Меренков Игорь Вадимович
Последний закат
Громадный высоченный скалистый холм, возвышавшийся перед нами, как верный защитник укрывал нас от жгучих лучей склонявшегося к горизонту солнца. Край его огненного диска все еще виднелся из-за холма и слепил нам глаза, но в сравнении с тем адом, в котором мы жарились всего около часа назад, это было сущим пустяком. И по мере проходившего времени, близившегося к ночи, и нашего приближения к возвышенности, все дальше и дальше солнце удалялось от нас, уходя за линию горизонта. Отчего-то сейчас мне было трудно сказать, что же радовало меня больше: приближение ночи или долгожданная близость к заветной цели, ради которой я и три моих лучших и единственных друга покинули свое надежное, ставшее родным убежище. Как бы меня ни радовал и ни очаровывал вид этого удивительного сказочного холма, я, все же, довольно часто оглядывался назад. Оглядывался, чтобы увидеть плетущихся сзади друзей, и чтобы вспомнить те знойные дни бесконечных страданий, ради которых мы отчаянно старались выжить. Скоро те адские деньки, надеюсь, станут лишь жуткими воспоминаниями.

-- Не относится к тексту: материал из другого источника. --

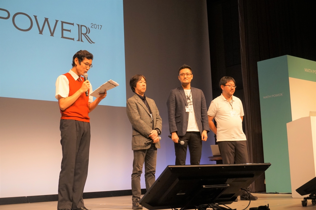 かっこいい作図ムービーで、始まりました、数学の祭典MATH POWER 2017!よしもとクリエイティブ・エージェンシー所属の現役高校数学教師タカタ先生が総合司会進行を務めます。主催者から1人ずつ登壇しての挨拶からスタート。ニコ生では「去年から待ってた」の声。開催者冥利に尽きますね!これから32時間、頑張っていきます!
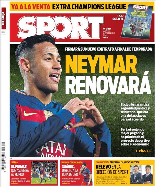 Cover of the newspaper Sport, Tuesday 16 February 2016. It will sign his agreement to final of season. The club guarantees him juridical security and tributaria, that was one of the keys for the agreement. It will be the better second paid and has prioritised the sportive project on the economic.

Наших сил уже почти не оставалось, но лицезрение покрытой густой растительностью возвышенности, находившейся всего в паре-тройке километров от нас, где, по слухам, располагалось поселение не выживших из ума людей, служило нам мотивацией продолжать двигаться, не смотря ни на что. Холм словно был не только щитом, укрывавшим нас от беспощадного солнца, но и источником энергии, из которого мы черпали силы. Думаю, если б сегодня мы не увидели его, то это был бы наш последний или, максимум, предпоследний день жизни. Долгие полторы недели пути под этим проклятым, испепеляющим солнцем, выжали из нас и все силы, и попросту желание идти. Однако еще всего час-полтора ходьбы и мы будем у цели; она была так близко, и в то же время, исходя из нашего положения, так далеко!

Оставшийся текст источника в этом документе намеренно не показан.